* _TASK INSTRUCTIONS_
Write the listing below out again exactly, dropping the images.

* _GIVEN DATA_
▼
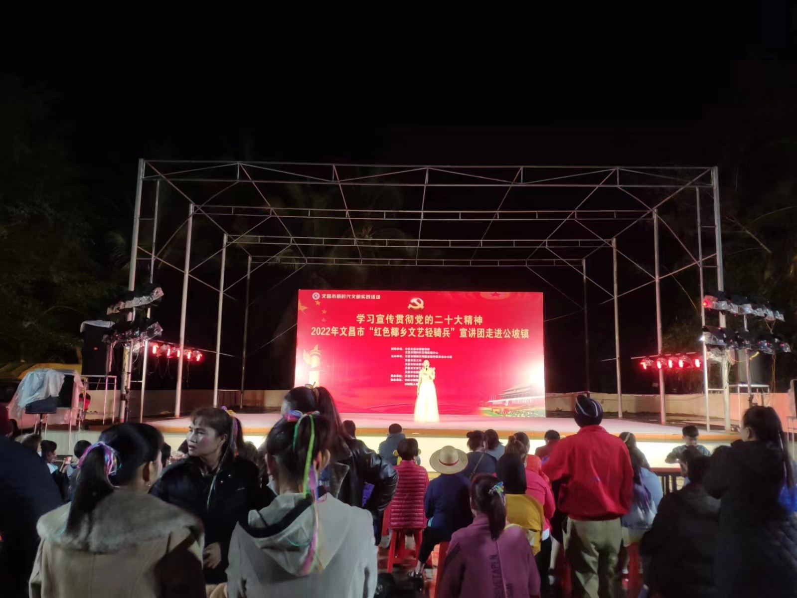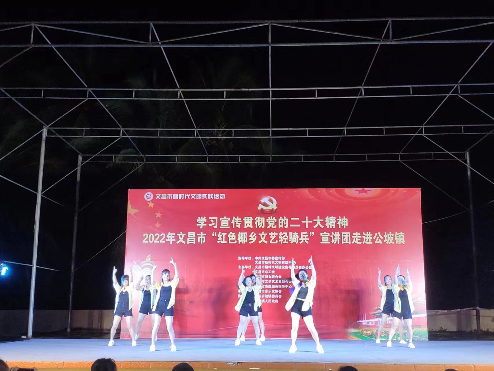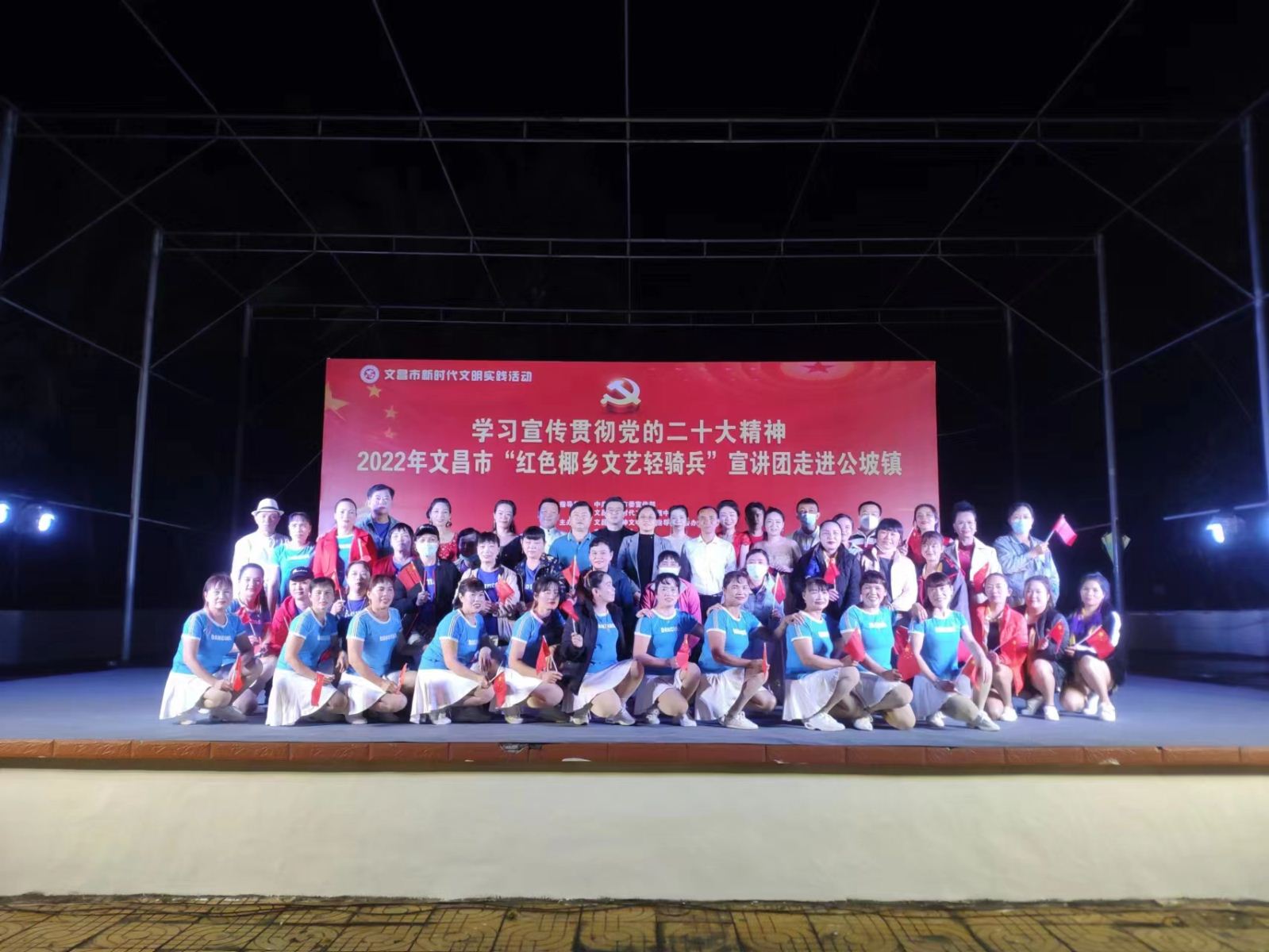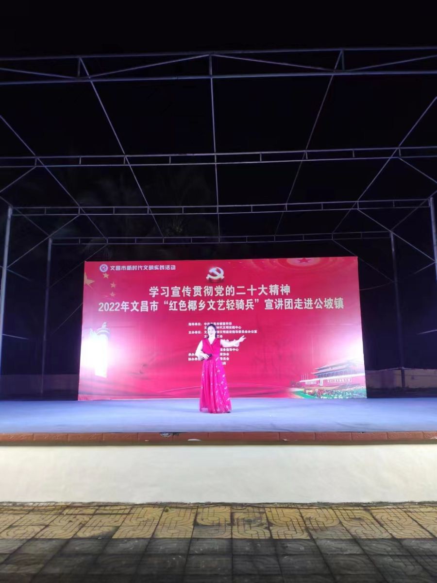 为进一步深入学习贯彻落实习近平新时代中国特色社会主义思想,发挥文艺的独特优势,激发和凝聚广大干部职工群众的干事创业热情,以更加饱满的豪情斗志投入到加快文昌国际航天城建设中来,在中共文昌市委宣传部指导下,文昌市总工会、文昌市妇联、文昌市文联决定,组织文艺宣讲队伍,围绕党的二十大精神学习宣传、乡村振兴、重点项目建设、创建全国文明城市、“扫黄打非”、关爱未成年人等全市重点工作,于2022年12月15日晚上8:00在文昌市公坡镇开展2022年文昌市新时代文明实践系列活动。
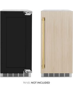 ZLINE Autograph Edition 15 in. Touchstone Clear Cube Ice Maker with Drain Pump and Panel Ready Door with Polished Gold Handle (ICCDPZ-15-G)
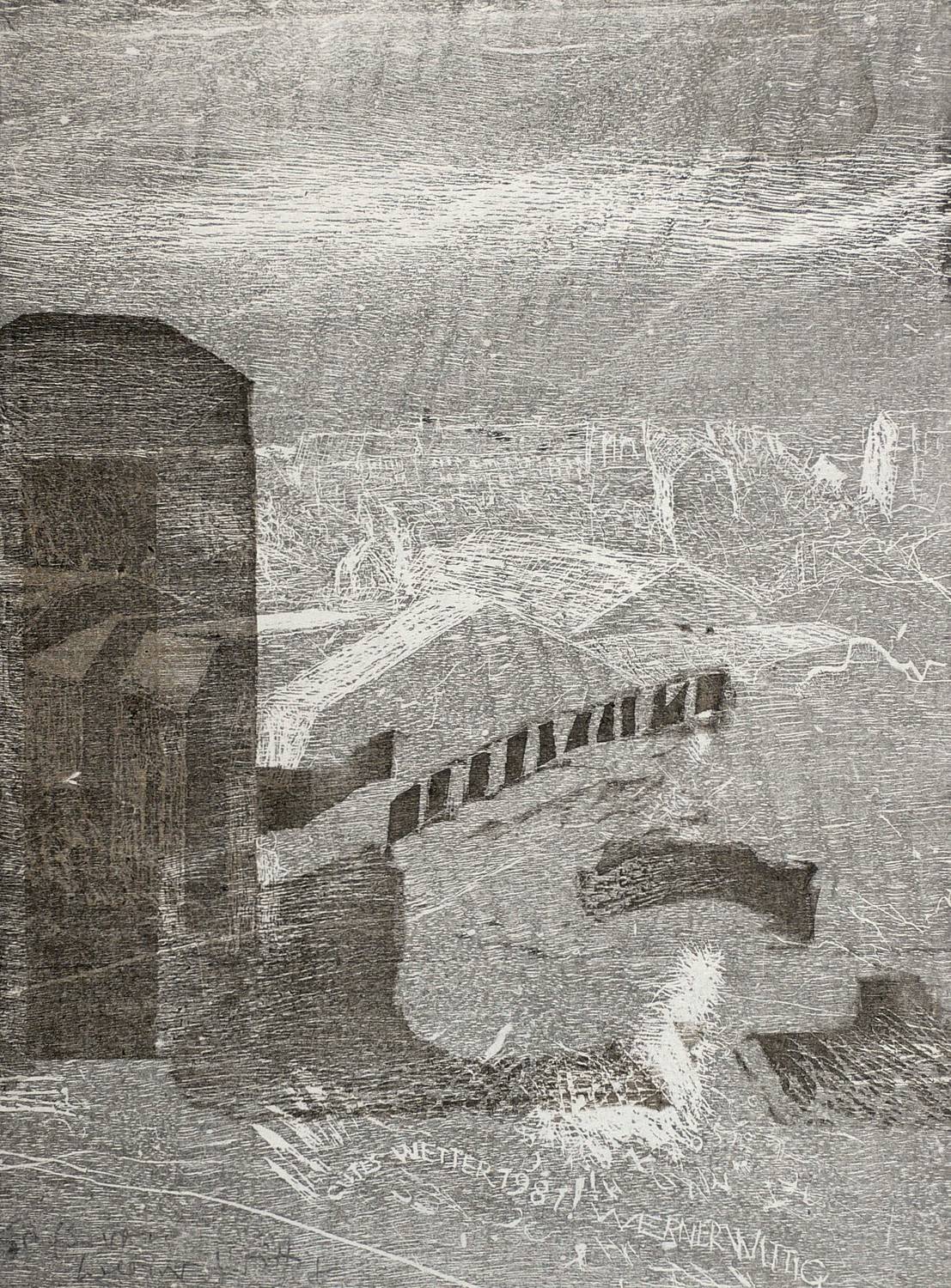 1980. Farbholzriss, in 2 Farben, auf weichem fasrigem Bütten. – Originale Künstlergrafik, von Werner Wittig. – Auflage Exemplar Nr. 56/110. – 24,3 x 18,1 cm (Darstellung / Blatt).
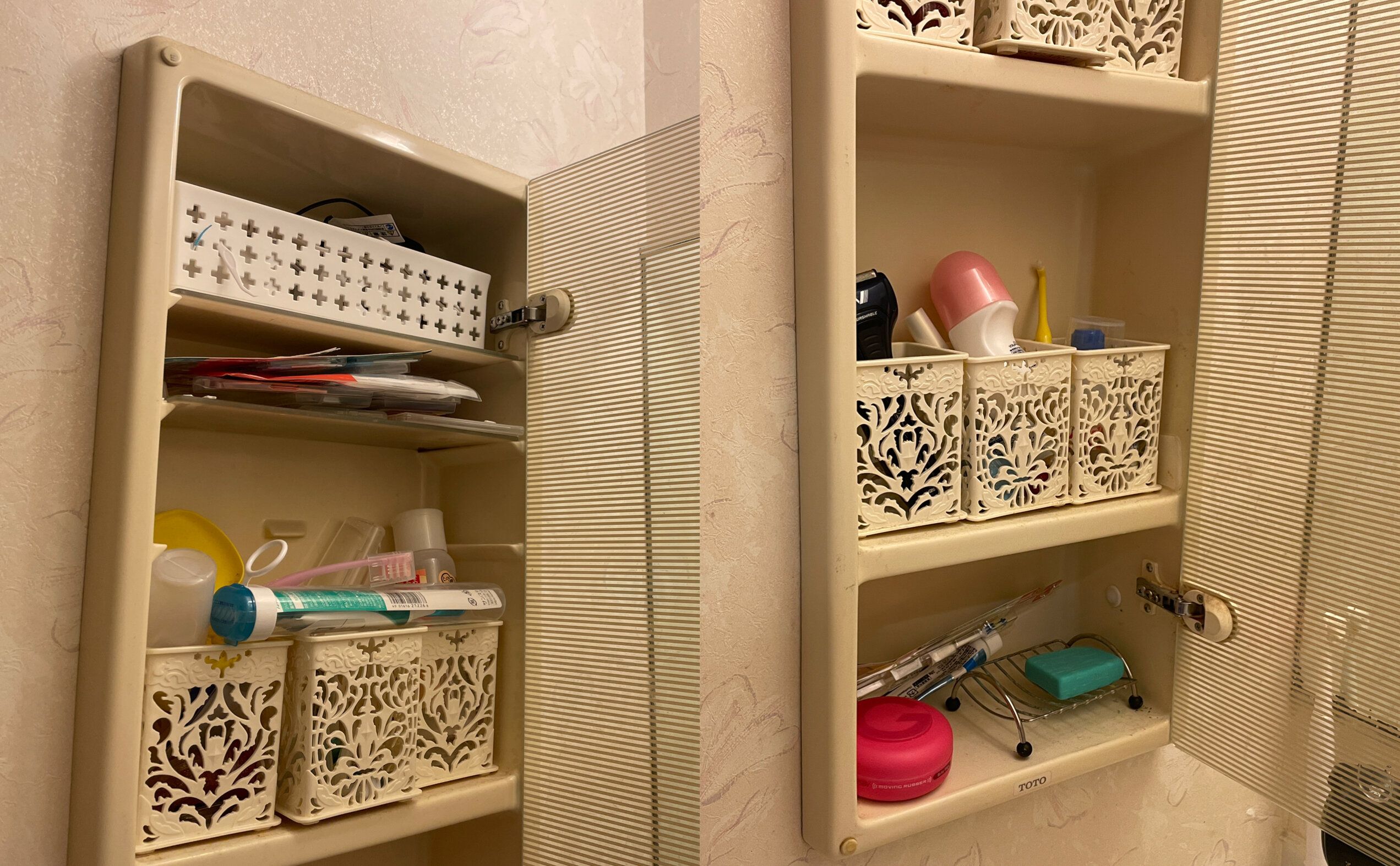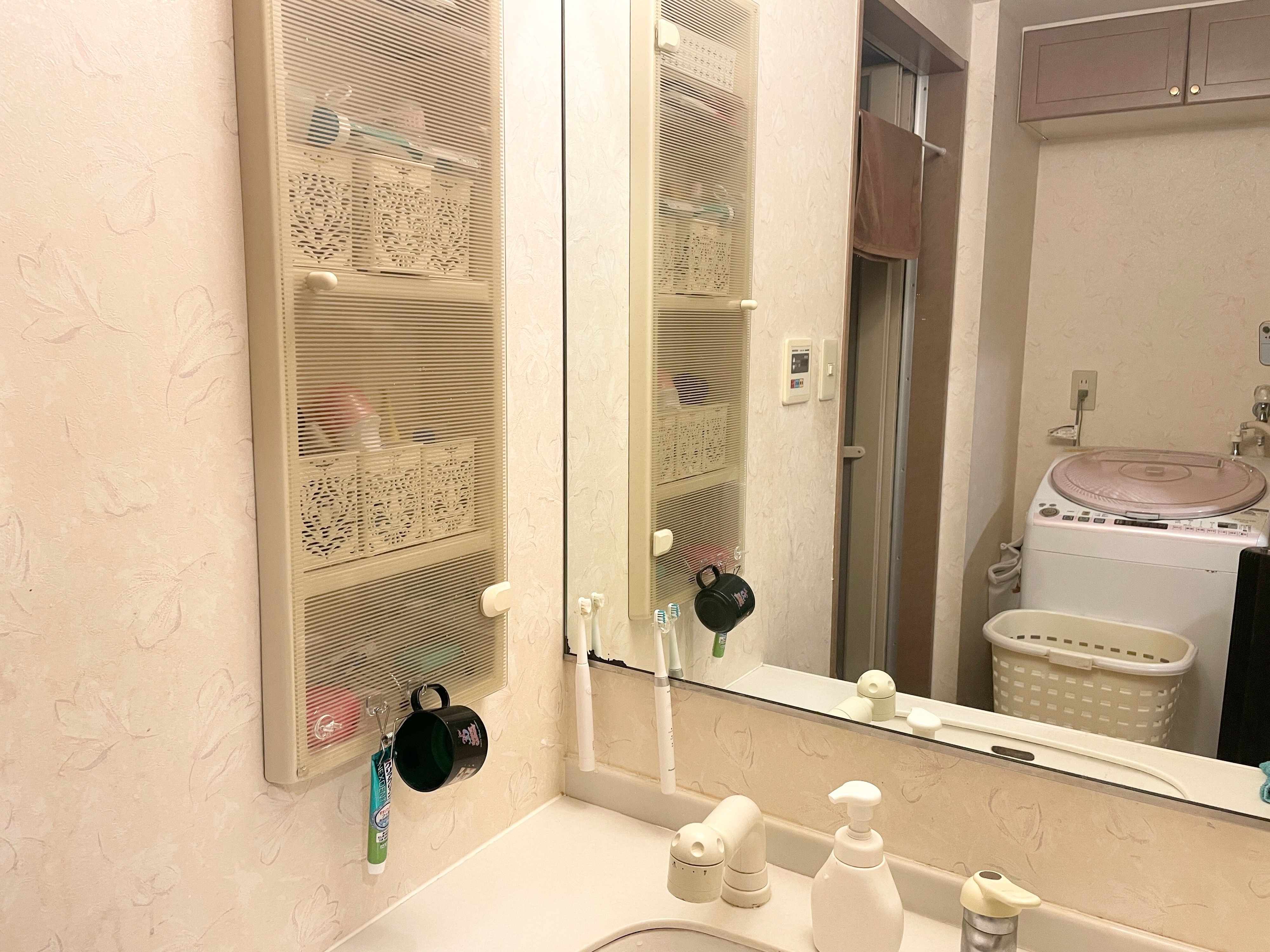 我が家の洗面台は鏡面裏収納ではなく、壁面にある半透明の扉がついた棚。ここを片づけていきますよ。
▲
* _OUTPUT FOR THIS EXERCISE_
 为进一步深入学习贯彻落实习近平新时代中国特色社会主义思想,发挥文艺的独特优势,激发和凝聚广大干部职工群众的干事创业热情,以更加饱满的豪情斗志投入到加快文昌国际航天城建设中来,在中共文昌市委宣传部指导下,文昌市总工会、文昌市妇联、文昌市文联决定,组织文艺宣讲队伍,围绕党的二十大精神学习宣传、乡村振兴、重点项目建设、创建全国文明城市、“扫黄打非”、关爱未成年人等全市重点工作,于2022年12月15日晚上8:00在文昌市公坡镇开展2022年文昌市新时代文明实践系列活动。
 ZLINE Autograph Edition 15 in. Touchstone Clear Cube Ice Maker with Drain Pump and Panel Ready Door with Polished Gold Handle (ICCDPZ-15-G)
 1980. Farbholzriss, in 2 Farben, auf weichem fasrigem Bütten. – Originale Künstlergrafik, von Werner Wittig. – Auflage Exemplar Nr. 56/110. – 24,3 x 18,1 cm (Darstellung / Blatt).
 我が家の洗面台は鏡面裏収納ではなく、壁面にある半透明の扉がついた棚。ここを片づけていきますよ。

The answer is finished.